13. A coloring process according to any one of the preceding claims, wherein the pH of the alkaline composition ranges from 7 to 13, preferably from 8 to 12.5, better from 9 to 12, even better from 10 to 10

14. 1Z. A coloring method according to any one of the preceding claims, wherein the coloring composition is applied to the keratin fibers after the alkaline composition, preferably less than two hours after the alkaline composition, preferably less than 90 minutes, better less than 60 minutes.

15. A coloring process according to any one of the preceding claims comprising a step of rinsing the keratin fibers between steps i) and ii).

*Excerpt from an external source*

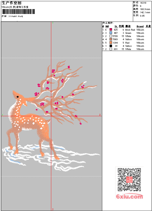 - EMB花版参数: 大小:137.50 KB / 尺寸:142*161[毫米] / 针数:16318针 / 线色:6 / 格式:EMB / 版本:e4.2

16. A device with at least two compartments, for staining keratin fibers, comprising at least a first compartment containing a staining composition as defined in any one of claims 1 to 11, at least a second compartment containing an alkaline composition, preferably as defined in any one of claims 12 and 13, comprising one or more alkaline agent(s) and being free of hydrogen peroxide.